Parallèlement et grâce à sa carrière syndicale, Elba Esther Gordillo a joué un rôle éminent dans la vie politique mexicaine, ayant négocié de puissance à puissance avec cinq présidents mexicains successifs, forte des quelque 1 400 000 adhérents du SNTE, l'un des plus puissants syndicats d'Amérique latine.

Elle a notamment dirigé le Parti révolutionnaire institutionnel (PRI, au pouvoir) entre 2002 et 2005, a été sénatrice et aussi chef de son groupe parlementaire à la Chambre des députés. Après sa rupture avec le PRI, elle avait fondé son propre parti politique, Nouvelle Alliance.

Son pouvoir était tel que lors de l'élection présidentielle de 2006, beaucoup lui ont attribué l'étroite victoire du conservateur Felipe Calderon, acquise par une marge de moins de 1 %.

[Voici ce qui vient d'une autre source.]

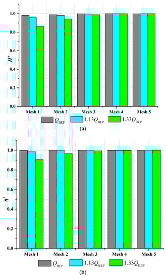 Mesh independence analysis. (a) Histogram of H’ for each mesh at QBEP, 1.13 QBEP, and 1.33 QBEP. The relative head H’ of mesh 4 tends to be constant. (b) Histogram of η’ for each mesh at QBEP, 1.13 QBEP, and 1.33 QBEP. The relative head η’ of mesh 4 tends to be constant.
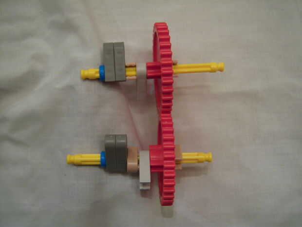 Este es un diseño de pistola goma simple y eficaz a diferencia de otras que he visto.La diferencia es que es accionado por el motor de k'nex lo que permite a múltiples bandas para dispararse simultáneamente, en lugar de hacer uno a la vez :)--No olvi
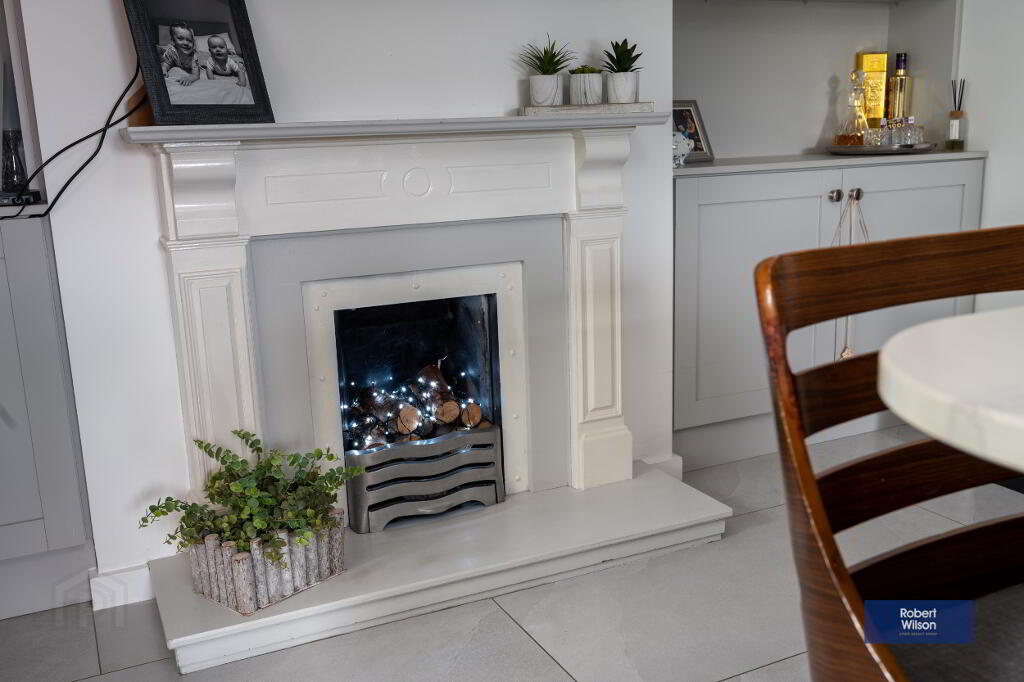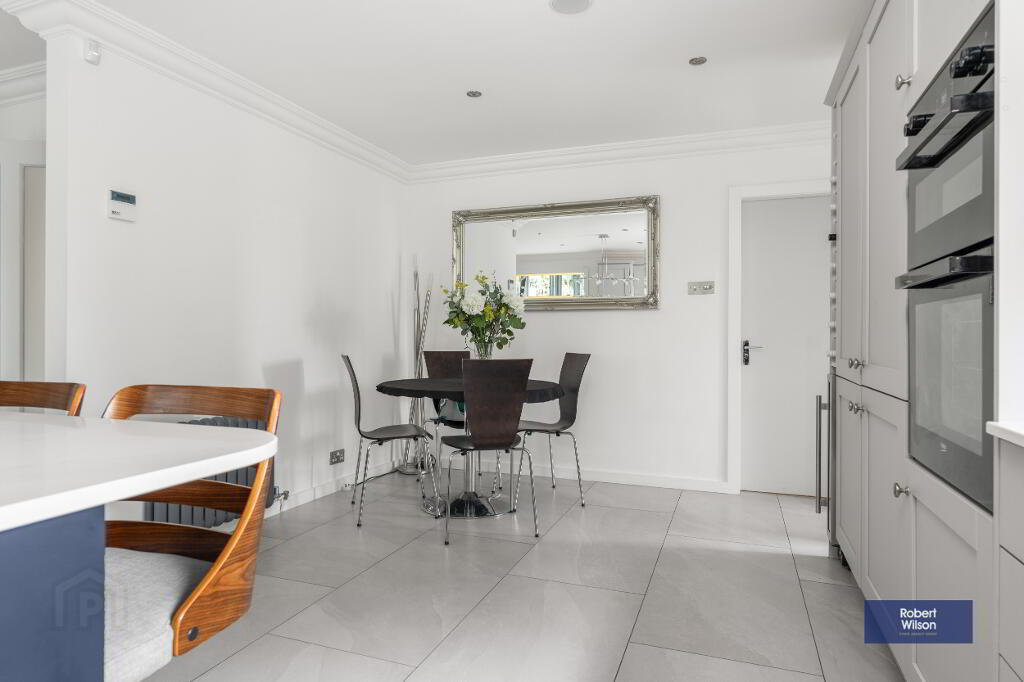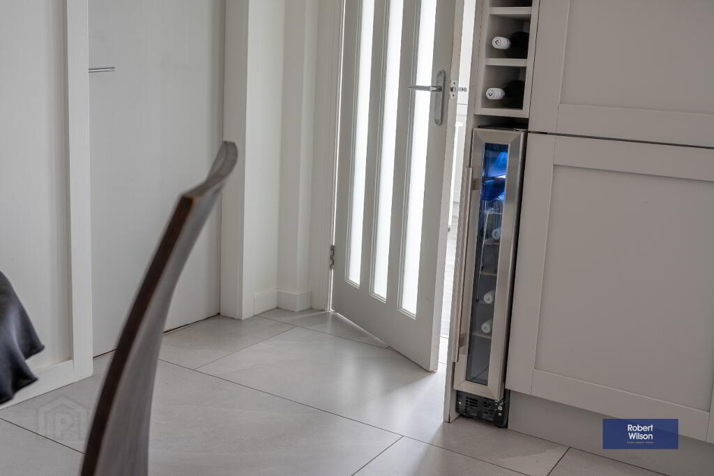 Recently installed bespoke fitted grey shaker style kitchen with quartz work tops. Integrated fridge freezer, wine rack, integrated eye level double oven, 1 1/2 "Bold Blanco" composite sink, 5 ring "Neff" gas hob with fixed canopy extractor fan over. Centre island with ample storage and overhang for entertainment, feature gas fire, feature built in storage and shelving, ceiling cornice, recessed lighting and tiled flooring.

La somme que la Maestra est accusée d'avoir détournée, avec l'aide de prête-noms et à travers des comptes en Suisse et au Liechtenstein, ne représente peut-être que la pointe émergée d'un iceberg, sur lequel les pouvoirs précédents ont fermé les yeux : le dossier d'accusation ne concerne que 2 des 81 comptes bancaires du SNTE.

Le message lancé par le nouveau pouvoir mexicain a été résumé par le ministre de la Justice annonçant l'arrestation de La Maestra : «Personne n'est au-dessus de la loi».

L'arrestation de Mme Gordillo est aussi un coup porté au Parti action nationale (PAN, conservateur) qui a exercé le pouvoir pendant 12 ans avec deux présidents, Vicente Fox (2000-2006) et Felipe Calderon (2006-2012), et qui avait fait de La Maestra une interlocutrice privilégiée du pouvoir.

Reste à savoir si ce «coup de maître», comme le titre mardi le quotidien Reforma, est le signal d'une action durable contre la corruption ou une action contre une dirigeante syndicale opposée à la réforme éducative promulguée lundi. Cette nouvelle loi prévoit un meilleur contrôle de compétence des enseignants, mesure à laquelle Mme Gordillo entendait s'opposer frontalement.

Le commentateur de Reforma Sergio Sarmiento se demandait mardi si des actions de ce type vont intervenir «contre d'autres leaders syndicaux qui ont fait étalage d'une grande richesse personnelle».

L'attention va se porter inévitablement sur le secrétaire général du syndicat des travailleurs du pétrole, Carlos Romero Deschamps, autre dirigeant syndical controversé pour son train de vie. Actuellement sénateur du PRI, il a, selon Sarmiento, «offert toutes les signes nécessaires de loyauté au président Peña Nieto».

L'analyste politique José Antonio Crespo a dit à l'AFP que la procédure contre Mme Gordillo peut aussi bien déboucher sur un «renforcement de la présidence» que sur un «retour de l'autoritarisme» traditionnellement reproché au PRI, qui avait gouverné le Mexique sans partage pendant 71 ans jusqu'en 2000.

Pour Manuel Camacho Solis, autrefois figure du PRI, mais aujourd'hui proche du dirigeant de gauche Andres Manuel Lopez Obrador, «le signal parait frappant : c'est un acte de restauration de l'autorité présidentielle. Nous ne pouvons pas ne pas reconnaître ce fait et ne pas le soutenir», a-t-il dit à radio MVS.

Le ministre de la Justice, Murillo Karam, a rejeté sur Televisa les arrières-pensées politiques du pouvoir. Le seul problème est le détournement de fonds, a-t-il assuré : «C'est l'argent des travailleurs, nous agissons pour la défense de travailleurs».